= About this task =
Your answer must be the full listing below, repeated exactly, with no pictures in it.

= Data =

####

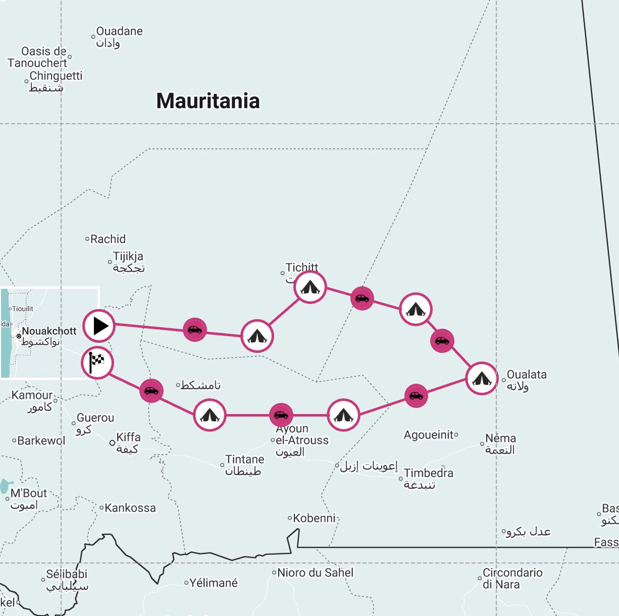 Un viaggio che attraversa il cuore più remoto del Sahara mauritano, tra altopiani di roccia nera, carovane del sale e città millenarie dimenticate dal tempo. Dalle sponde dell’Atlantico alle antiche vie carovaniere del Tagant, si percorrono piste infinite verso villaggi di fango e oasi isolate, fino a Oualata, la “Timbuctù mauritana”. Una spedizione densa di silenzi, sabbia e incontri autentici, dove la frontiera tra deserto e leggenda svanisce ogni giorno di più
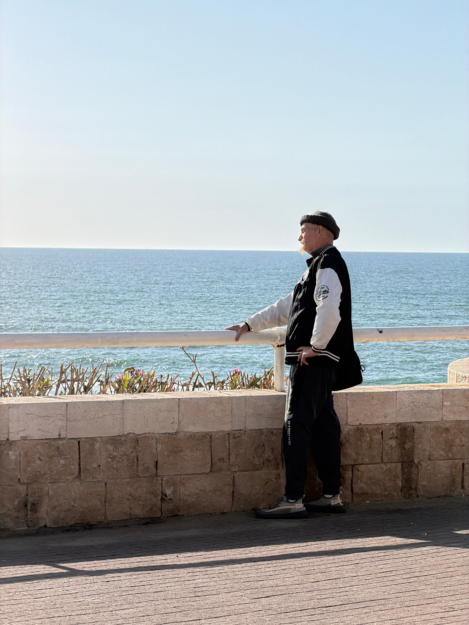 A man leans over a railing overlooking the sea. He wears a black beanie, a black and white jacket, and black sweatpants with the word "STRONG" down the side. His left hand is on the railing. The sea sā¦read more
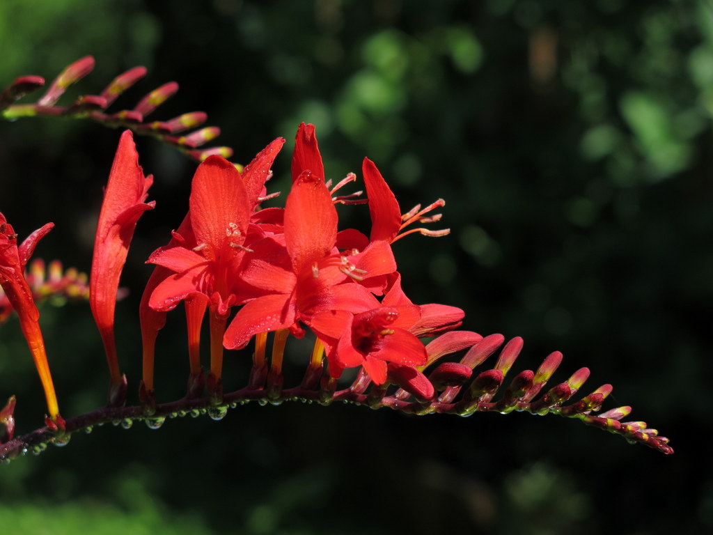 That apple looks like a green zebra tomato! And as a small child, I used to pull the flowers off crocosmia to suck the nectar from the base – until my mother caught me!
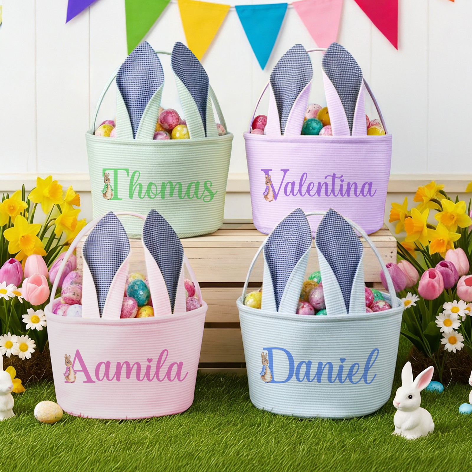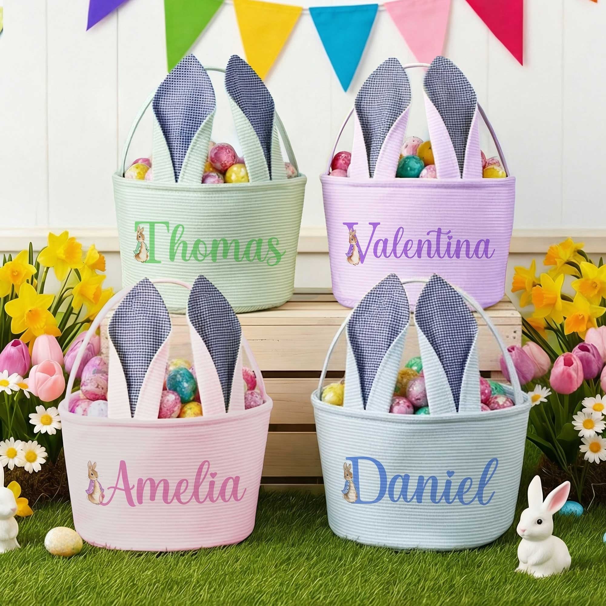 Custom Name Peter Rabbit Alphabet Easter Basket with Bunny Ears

####

= Output of the exercise =
 Un viaggio che attraversa il cuore più remoto del Sahara mauritano, tra altopiani di roccia nera, carovane del sale e città millenarie dimenticate dal tempo. Dalle sponde dell’Atlantico alle antiche vie carovaniere del Tagant, si percorrono piste infinite verso villaggi di fango e oasi isolate, fino a Oualata, la “Timbuctù mauritana”. Una spedizione densa di silenzi, sabbia e incontri autentici, dove la frontiera tra deserto e leggenda svanisce ogni giorno di più
 A man leans over a railing overlooking the sea. He wears a black beanie, a black and white jacket, and black sweatpants with the word "STRONG" down the side. His left hand is on the railing. The sea sā¦read more
 That apple looks like a green zebra tomato! And as a small child, I used to pull the flowers off crocosmia to suck the nectar from the base – until my mother caught me!
 Custom Name Peter Rabbit Alphabet Easter Basket with Bunny Ears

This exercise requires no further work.